[Data shown Boundary: Start]

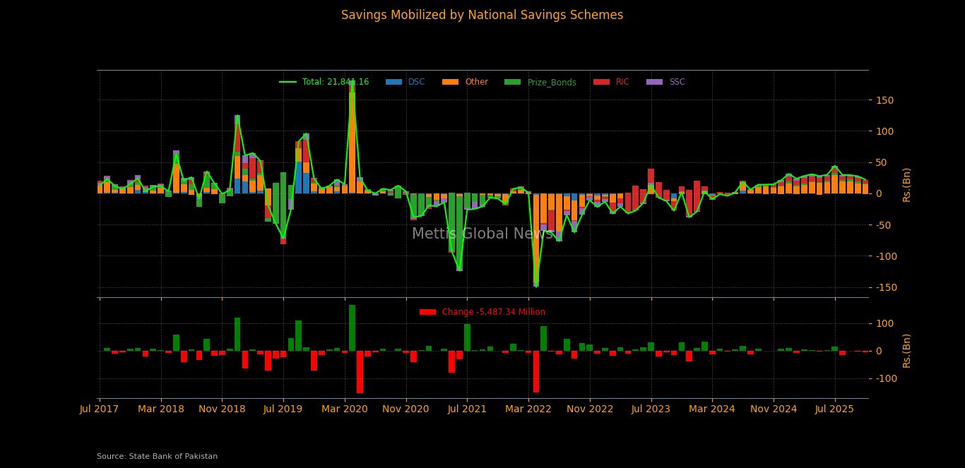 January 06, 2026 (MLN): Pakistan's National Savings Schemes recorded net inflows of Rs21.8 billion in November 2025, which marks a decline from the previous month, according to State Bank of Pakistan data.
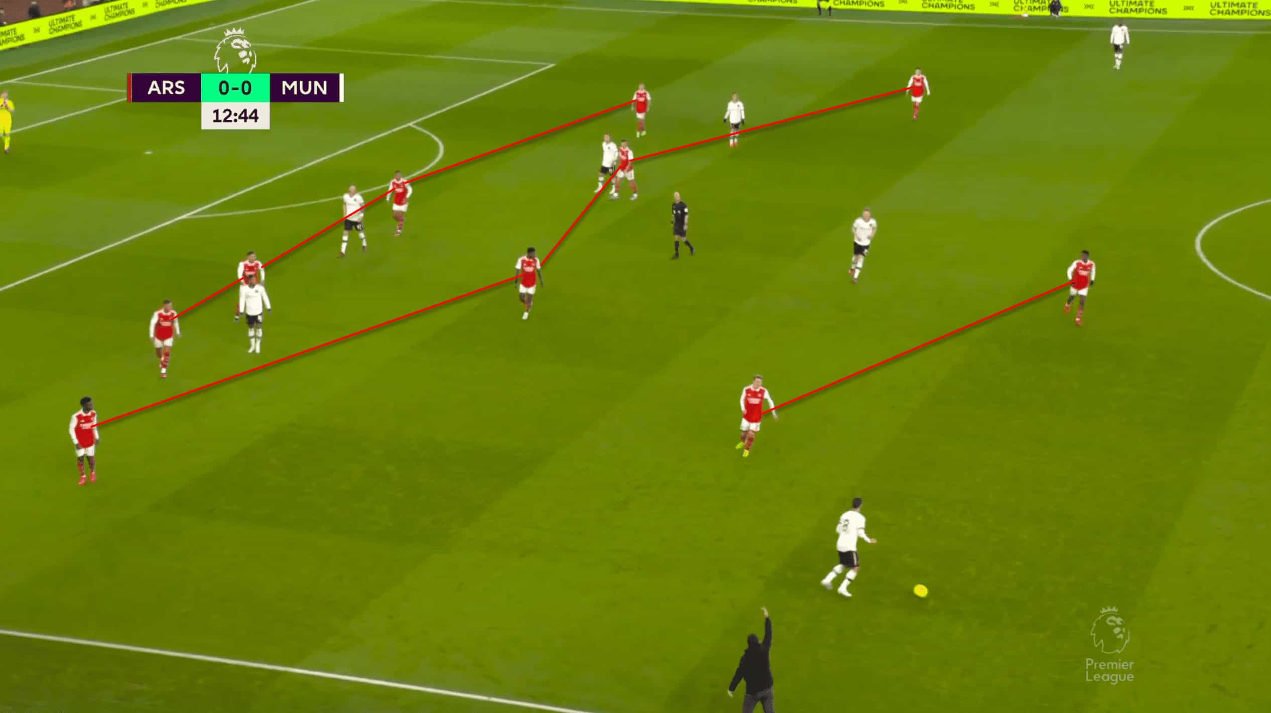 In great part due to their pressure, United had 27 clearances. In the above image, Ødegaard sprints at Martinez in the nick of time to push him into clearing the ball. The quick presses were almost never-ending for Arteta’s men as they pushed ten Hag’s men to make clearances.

[Data shown Boundary: End]
[Data shown Boundary: Start]

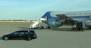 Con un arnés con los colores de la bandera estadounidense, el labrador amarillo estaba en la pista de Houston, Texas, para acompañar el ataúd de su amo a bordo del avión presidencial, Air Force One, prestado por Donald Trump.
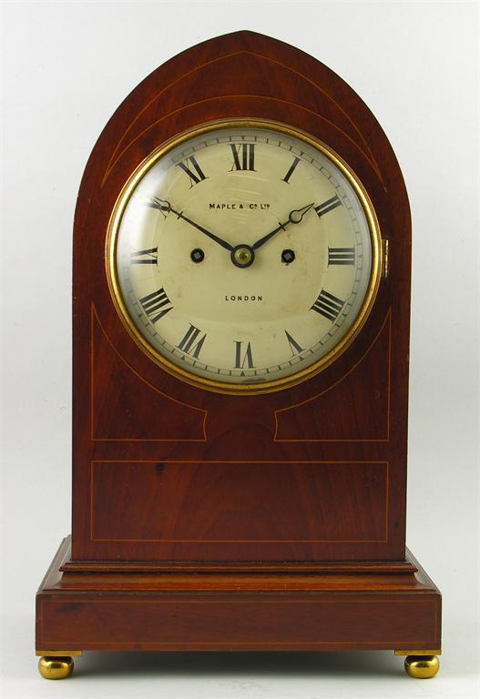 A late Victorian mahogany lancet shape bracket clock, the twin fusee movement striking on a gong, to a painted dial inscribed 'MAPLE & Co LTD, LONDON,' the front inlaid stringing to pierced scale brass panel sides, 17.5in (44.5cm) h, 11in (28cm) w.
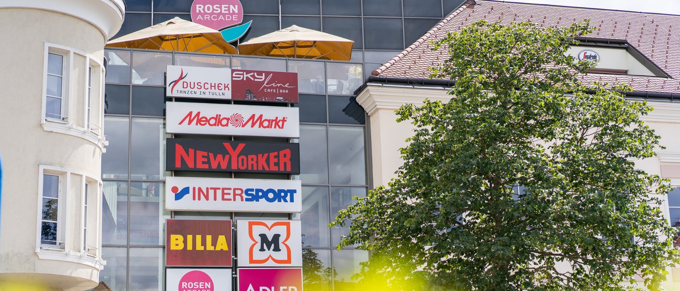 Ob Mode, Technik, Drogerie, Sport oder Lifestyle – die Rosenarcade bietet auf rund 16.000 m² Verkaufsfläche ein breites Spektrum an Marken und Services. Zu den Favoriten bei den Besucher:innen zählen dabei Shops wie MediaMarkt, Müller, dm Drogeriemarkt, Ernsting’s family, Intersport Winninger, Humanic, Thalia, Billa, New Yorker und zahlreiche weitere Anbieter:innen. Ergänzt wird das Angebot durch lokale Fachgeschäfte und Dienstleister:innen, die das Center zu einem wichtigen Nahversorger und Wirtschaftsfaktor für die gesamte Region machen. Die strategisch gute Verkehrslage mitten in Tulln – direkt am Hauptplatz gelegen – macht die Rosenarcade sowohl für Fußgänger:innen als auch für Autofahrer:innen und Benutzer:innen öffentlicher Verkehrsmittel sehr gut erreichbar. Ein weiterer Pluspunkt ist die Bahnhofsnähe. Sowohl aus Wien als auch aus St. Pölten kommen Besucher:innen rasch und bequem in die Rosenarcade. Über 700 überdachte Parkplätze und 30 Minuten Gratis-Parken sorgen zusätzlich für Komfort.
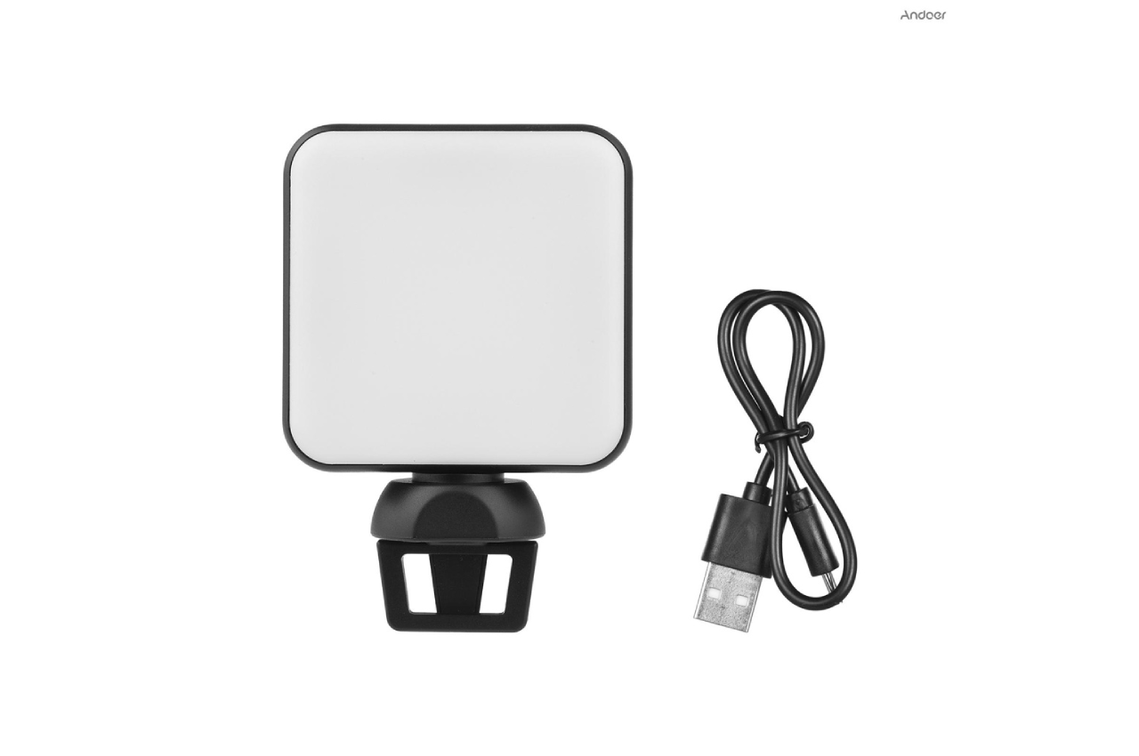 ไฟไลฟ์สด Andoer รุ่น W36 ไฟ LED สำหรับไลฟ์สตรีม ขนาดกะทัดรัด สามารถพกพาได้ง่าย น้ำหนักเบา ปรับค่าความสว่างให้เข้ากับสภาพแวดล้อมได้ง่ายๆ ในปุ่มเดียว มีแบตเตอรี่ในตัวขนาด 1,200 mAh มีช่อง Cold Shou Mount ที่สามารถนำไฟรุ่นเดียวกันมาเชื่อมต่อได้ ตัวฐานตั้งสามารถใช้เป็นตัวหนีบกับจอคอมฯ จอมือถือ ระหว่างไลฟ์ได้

[Data shown Boundary: End]
[Data shown Boundary: Start]

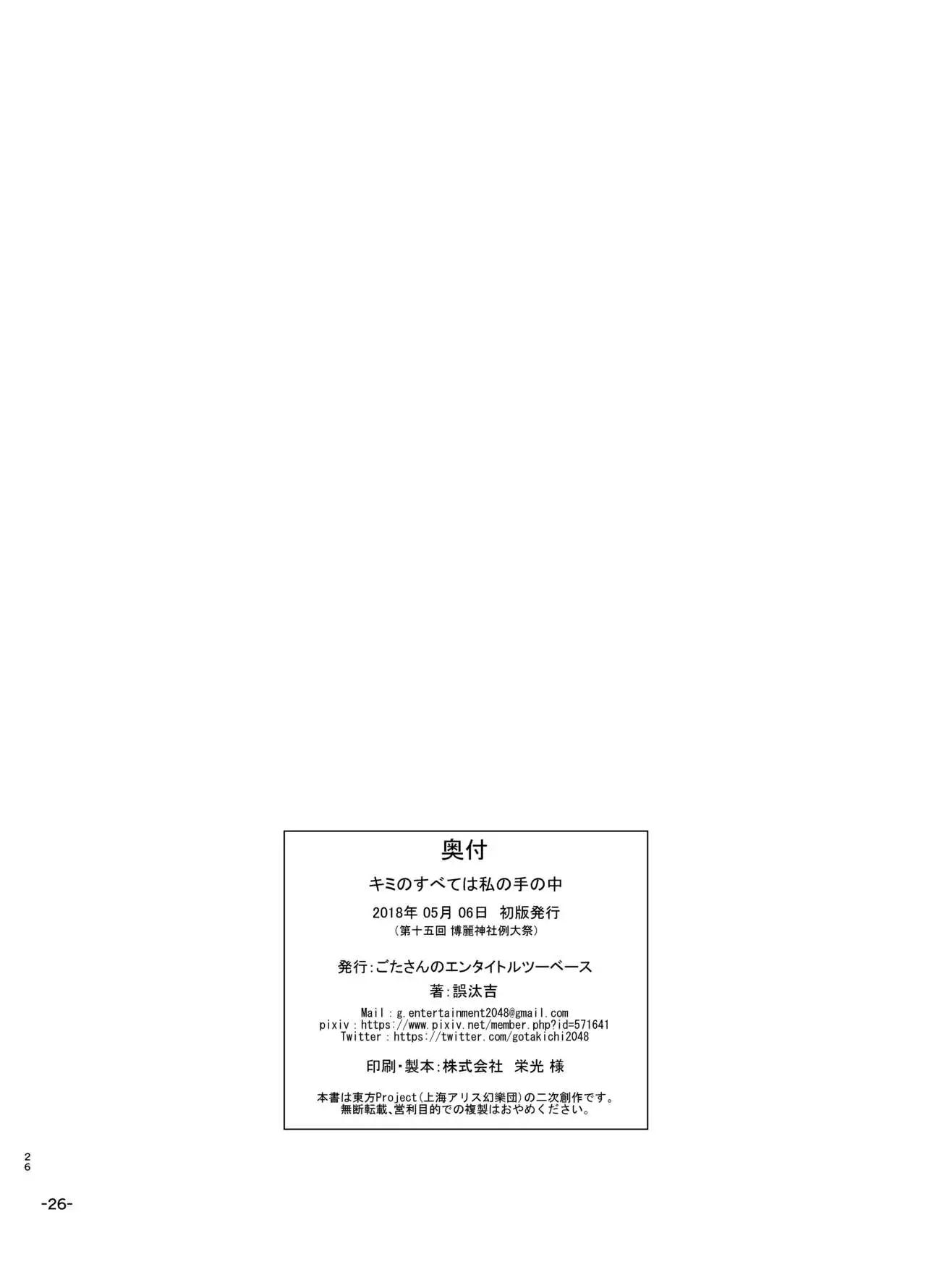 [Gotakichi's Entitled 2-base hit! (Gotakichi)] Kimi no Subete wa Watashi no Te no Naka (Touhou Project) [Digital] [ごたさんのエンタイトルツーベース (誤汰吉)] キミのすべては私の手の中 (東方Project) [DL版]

[Data shown Boundary: End]

#### The problem:
A word-for-word reproduction is needed of the lines above from the line containing "Con un arnés" through the line containing "A late Victorian", with both ends kept and no pictures.

#### Output for this exercise:
 Con un arnés con los colores de la bandera estadounidense, el labrador amarillo estaba en la pista de Houston, Texas, para acompañar el ataúd de su amo a bordo del avión presidencial, Air Force One, prestado por Donald Trump.
 A late Victorian mahogany lancet shape bracket clock, the twin fusee movement striking on a gong, to a painted dial inscribed 'MAPLE & Co LTD, LONDON,' the front inlaid stringing to pierced scale brass panel sides, 17.5in (44.5cm) h, 11in (28cm) w.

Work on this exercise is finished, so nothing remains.